Johnson formerly served as vice chairman of the NAACP National Board of Directors as well as State President for the Mississippi State Conference NAACP. The first vice chair of the Mississippi State Conference NAACP will assume leadership of the state conference operations.
A longstanding member and leader of the NAACP, Mr. Johnson will guide the Association through a period of re-envisioning and reinvigoration. Until a new president is selected, he will serve as the NAACP’s primary spokesperson.

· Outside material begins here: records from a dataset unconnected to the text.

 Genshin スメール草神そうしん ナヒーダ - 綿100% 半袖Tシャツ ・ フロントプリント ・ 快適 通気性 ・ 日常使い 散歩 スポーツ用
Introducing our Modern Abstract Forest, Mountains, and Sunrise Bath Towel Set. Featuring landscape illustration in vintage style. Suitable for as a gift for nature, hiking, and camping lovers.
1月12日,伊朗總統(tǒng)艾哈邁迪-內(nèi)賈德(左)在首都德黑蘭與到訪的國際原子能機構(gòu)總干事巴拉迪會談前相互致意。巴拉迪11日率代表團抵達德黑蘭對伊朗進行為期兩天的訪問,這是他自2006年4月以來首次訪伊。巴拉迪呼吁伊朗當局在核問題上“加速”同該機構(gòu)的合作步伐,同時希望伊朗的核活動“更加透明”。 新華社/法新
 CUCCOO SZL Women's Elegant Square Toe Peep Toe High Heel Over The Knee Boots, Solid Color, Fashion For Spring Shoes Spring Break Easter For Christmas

A Mississippi native, Johnson attended Tougaloo College in Jackson, Mississippi. He then continued onto Houston, Taxas to receive his juris doctorate from the South Texas College of Law. In later years, Johnson furthered his training through fellowships with the Congressional Black Caucus Foundation, the George Washington University School of Political Management, and the Massachusetts Institute of Technology (MIT). He now serves as an adjunct professor at Tougaloo and as an annual guest lecture at Harvard Law School, lending his expertise to Professor Lani Guinier’s course on social movements.

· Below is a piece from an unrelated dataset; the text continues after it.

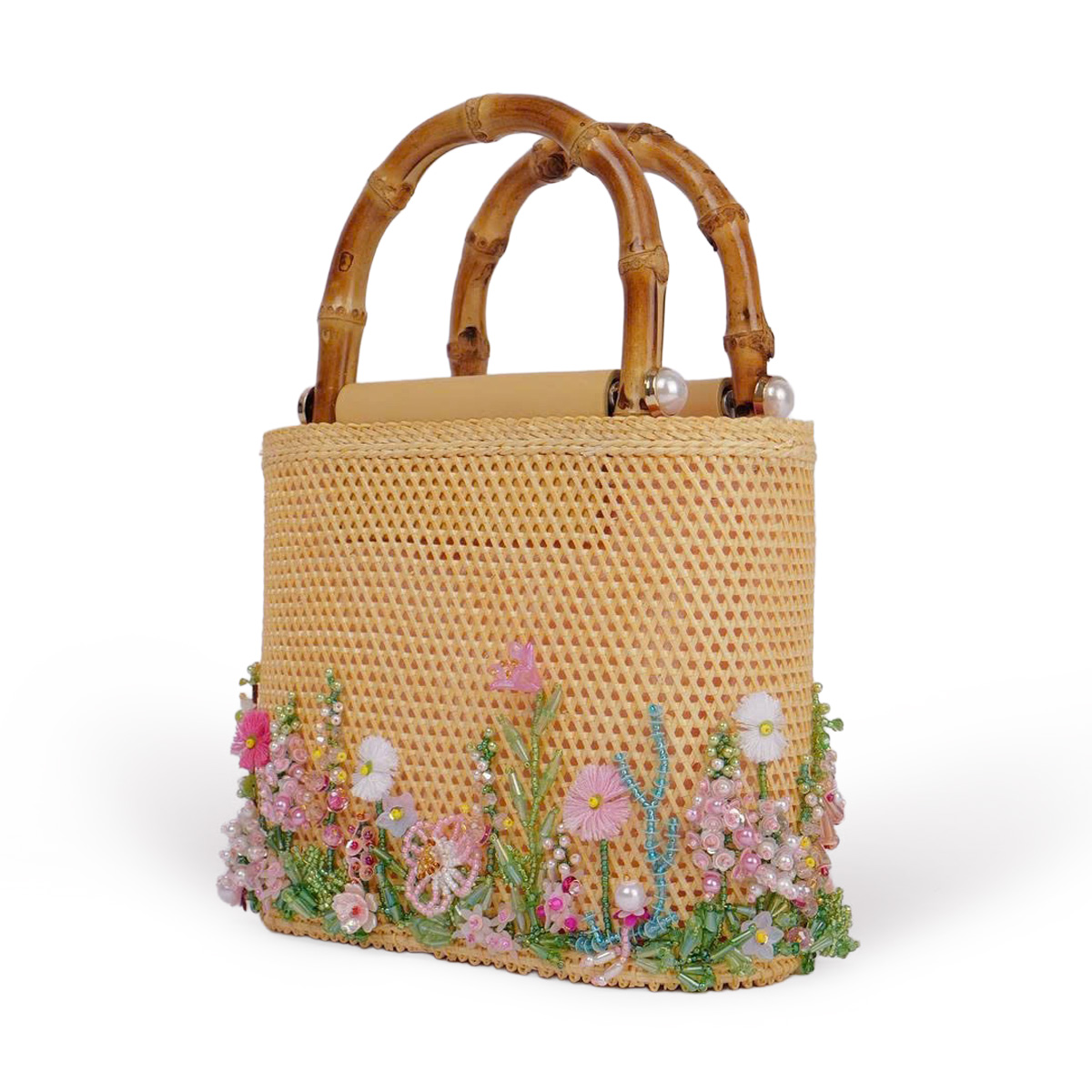 - 素材:ラタン、バンブーハンドル、本革、ビーズ、シルク裏地

Johnson is a veteran activist who has dedicated his career to improving defending the rights and improving the lives of Mississippians. As State President of the NAACP Mississippi State Conference, he led critical campaigns for voting rights and equitable education. He successfully managed two bond referendum campaigns in Jackson, MS that brought $150 million in school building improvements and $65 million towards the construction of a new convention center, respectively. As a regional organizer at the Jackson-based non-profit, Southern Echo, Inc., Johnson provided legal, technical, and training support for communities across the South.
In recognition for his service to his home state, the Chief Justice of the Mississippi Supreme Court appointed Johnson to the Mississippi Access to Justice Commission, and the Governor of Mississippi appointed him Chair of the Governor’s Commission for Recovery, Rebuilding, and Renewal after devastation of Hurricane Katrina.
In the wake of Hurricane Katrina, Johnson founded One Voice Inc. to improve the quality of life for African- Americans through civic engagement training and initiatives. One Voice has spawned an annual Black Leadership Summit and the Mississippi Black Leadership Institute, a nine month training program for community leaders.